Return exactly, please, the line that contains "July 25, 2001" and every line after it through the end of the material that follows, leaving pictures aside.

■ Source material:
□ □ □ □
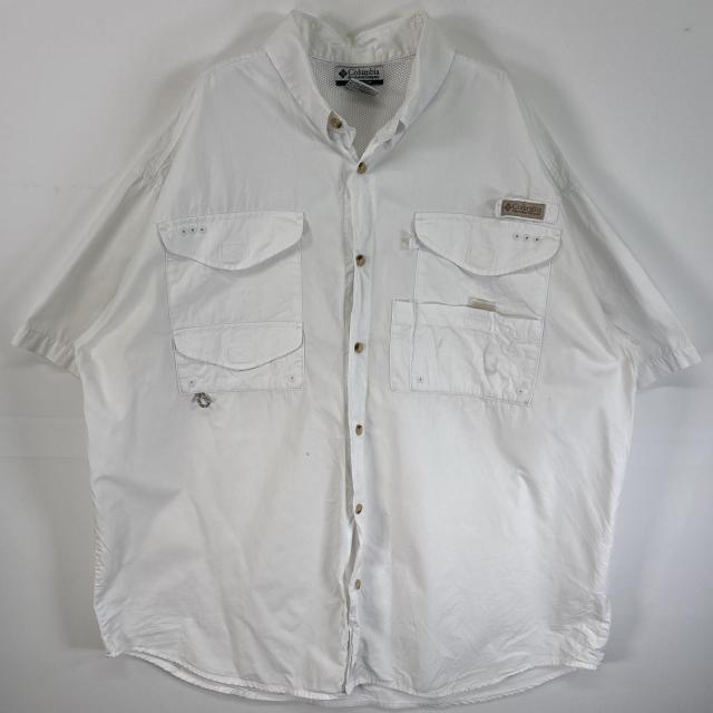 古着 コロンビア Columbia 半袖シャツ PFG フィッシングギア ワンポイント ロゴ XL ホワイト 無地 メンズ
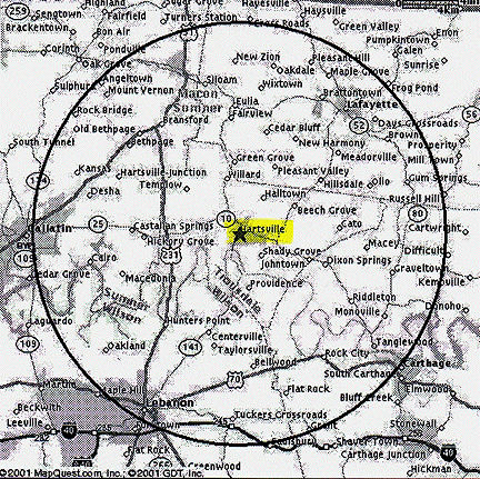 July 25, 2001 Tucson, Arizona - Since several atmospheric scientists suggested that the abnormal power surge in Hartsville, Tennessee on July 6, 2001 at 10:45 a.m. might have been a rare clear day lightning strike, I contacted the National Lightning Detection Network (NLDN), the only national lightning detection network in the United States. The network has more than 108 sensors that instantaneously detect the electromagnetic signals given off when lightning strikes the earth's surface. Each sensor transmits the lightning information via satellite to the Network Control Center (NCC) in Tucson, Arizona. Using data from two or more sensors, the "intersection" of the data enables the determination of a strike location with a 15 mile radius.
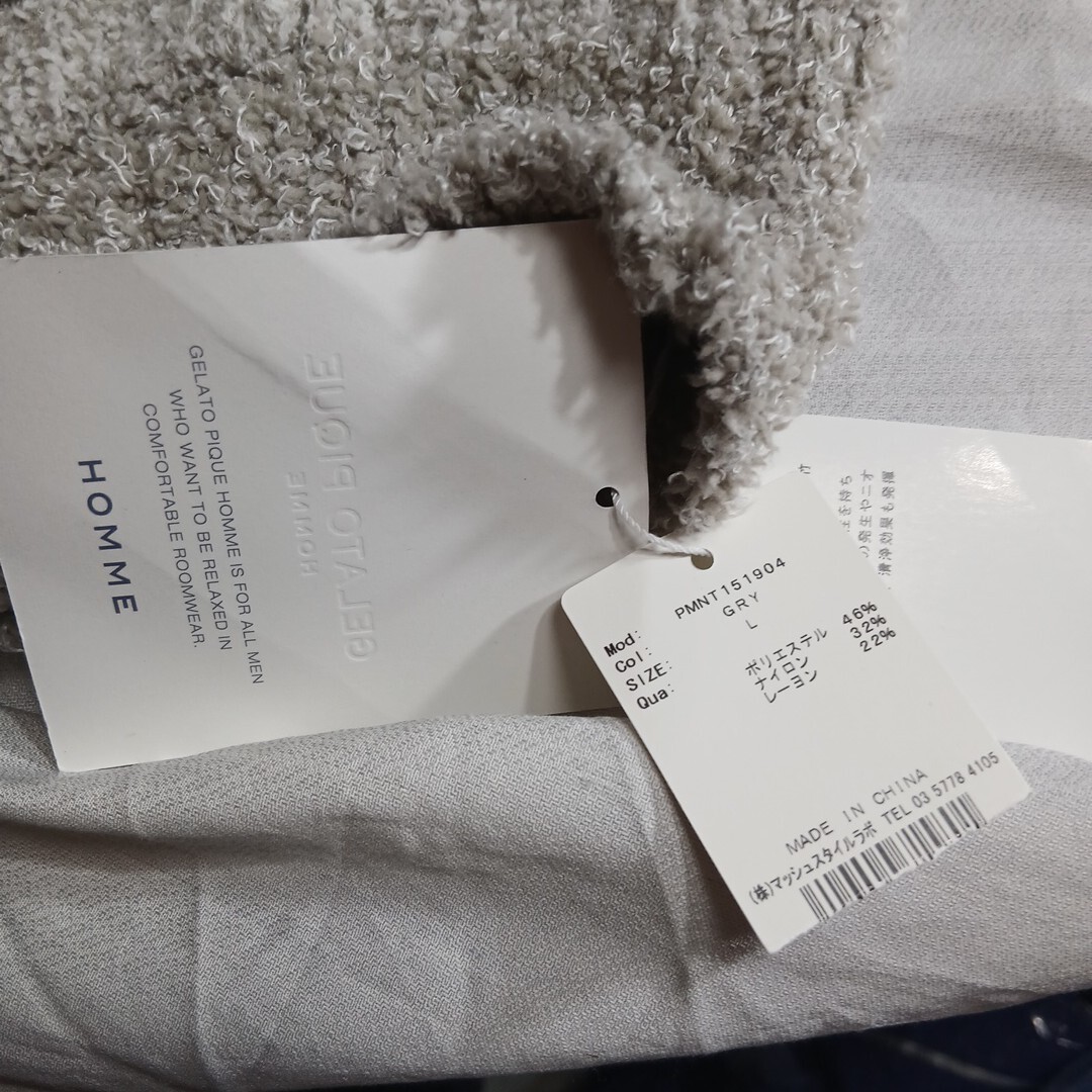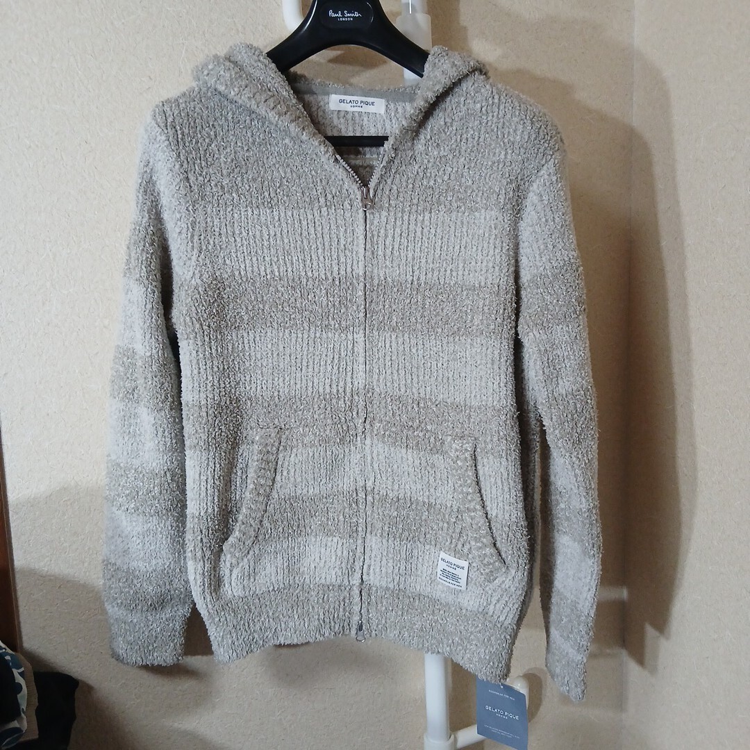 ジェラートピケオム(マッシュスタイルラボ)のジップアップパーカーです。サイズは、Lです。素材は、ポリエステル46%、ナイロン32%、レーヨン22%です。色は、ライトグレー系です。未使用ですが自宅保管品です。
□ □ □ □
■ Output:
 July 25, 2001 Tucson, Arizona - Since several atmospheric scientists suggested that the abnormal power surge in Hartsville, Tennessee on July 6, 2001 at 10:45 a.m. might have been a rare clear day lightning strike, I contacted the National Lightning Detection Network (NLDN), the only national lightning detection network in the United States. The network has more than 108 sensors that instantaneously detect the electromagnetic signals given off when lightning strikes the earth's surface. Each sensor transmits the lightning information via satellite to the Network Control Center (NCC) in Tucson, Arizona. Using data from two or more sensors, the "intersection" of the data enables the determination of a strike location with a 15 mile radius.
 ジェラートピケオム(マッシュスタイルラボ)のジップアップパーカーです。サイズは、Lです。素材は、ポリエステル46%、ナイロン32%、レーヨン22%です。色は、ライトグレー系です。未使用ですが自宅保管品です。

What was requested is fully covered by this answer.